** DATA PROVIDED **
§ §
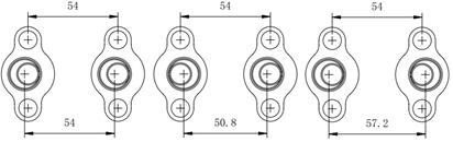 在压力容室上的流程连接孔是 1/4-18NPT。这些流程连接孔要求 螺纹密封。使用腰形法兰接头时只要拆下接头的上、下螺栓,就可以 轻易地把变送器从生产装置上拆下来。两流程连接孔的中心距是 54mm。旋转腰形法兰接头,中心距可以变为 50.8mm,54mm、57.2mm 如 图 2-5 所示 :
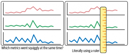 在“新式”仪表板中,标尺变成了一条基线,使不同的指标之间产生基于时间维度的关联性,但这同样是一个粗略的解决方案,识别相关性仍然需要靠运维人员的经验判断。在对故障问题有了粗略猜测后,运维人员需要查看可能与问题相关的事务(日志)和资源(机器,进程,配置文件)。
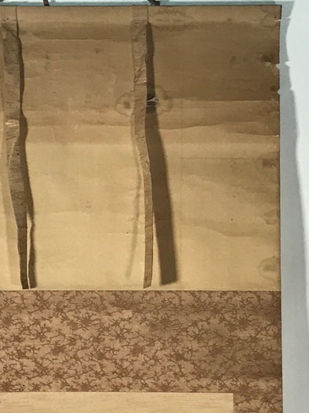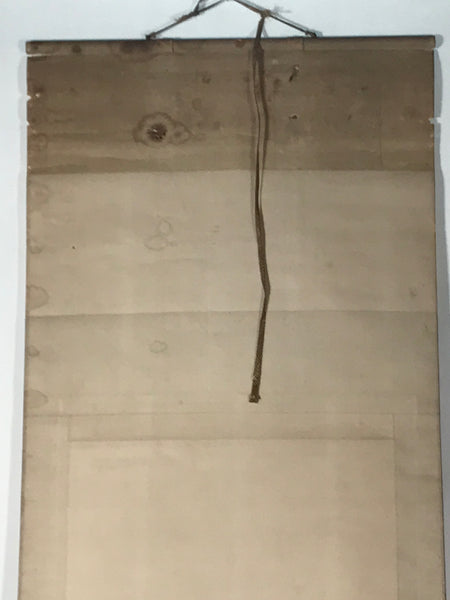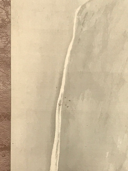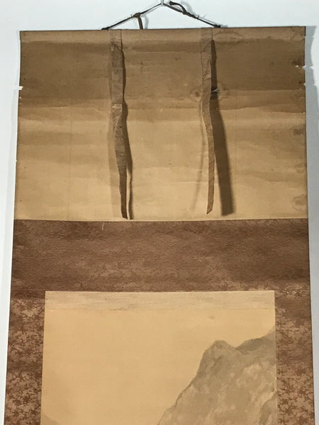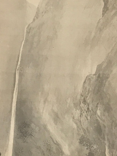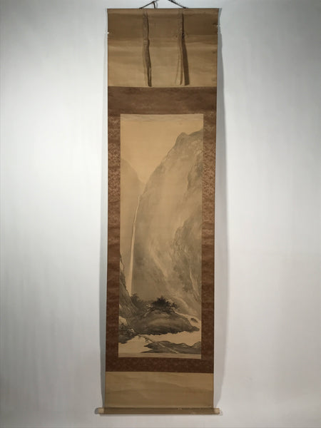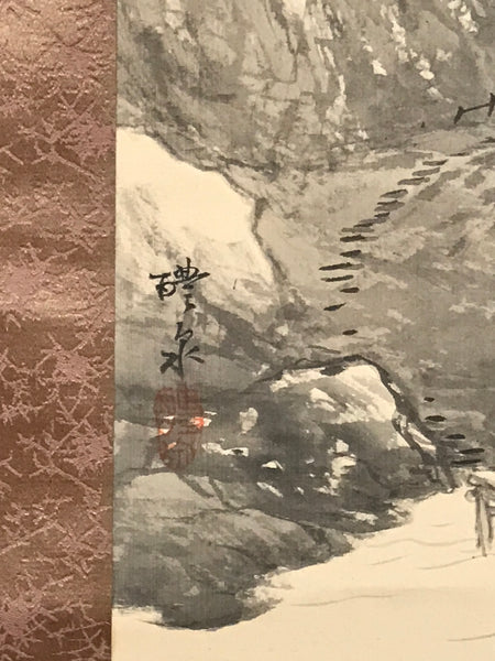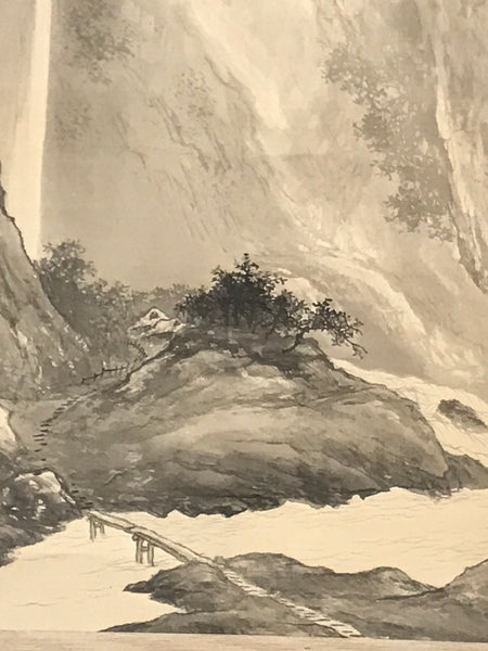 This vintage Japanese hanging scroll (kakejiku or makimono) features a landscape scenery with high mountains, a thin waterfall, and a river and a bridge at the bottom of the composition. This type of kakejiku is called sansui, literally mountains and water. It is painted with black ink. This piece is signed with a name and a red seal.
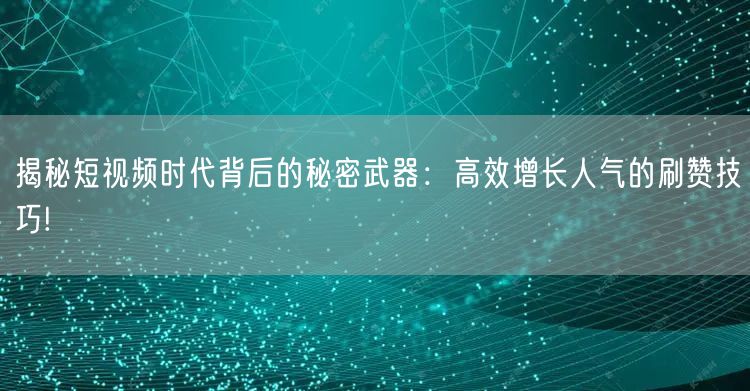 在短视频风靡的今天,如何快速提升作品人气成为许多创作者关注的焦点。刷赞作为一种高效的互动手段,背后隐藏着许多不为人知的技巧与策略。本文将为你揭秘短视频时代背后的秘密武器,助你轻松掌握高效增长人气的刷赞技巧!
§ §
** TRY IT **
Begin with the line that contains "This vintage Japanese" and copy every line through the end of the listing, exactly as written, both ends included. Pictures are not part of the copy.

** WORKED SOLUTION **
 This vintage Japanese hanging scroll (kakejiku or makimono) features a landscape scenery with high mountains, a thin waterfall, and a river and a bridge at the bottom of the composition. This type of kakejiku is called sansui, literally mountains and water. It is painted with black ink. This piece is signed with a name and a red seal.
 在短视频风靡的今天,如何快速提升作品人气成为许多创作者关注的焦点。刷赞作为一种高效的互动手段,背后隐藏着许多不为人知的技巧与策略。本文将为你揭秘短视频时代背后的秘密武器,助你轻松掌握高效增长人气的刷赞技巧!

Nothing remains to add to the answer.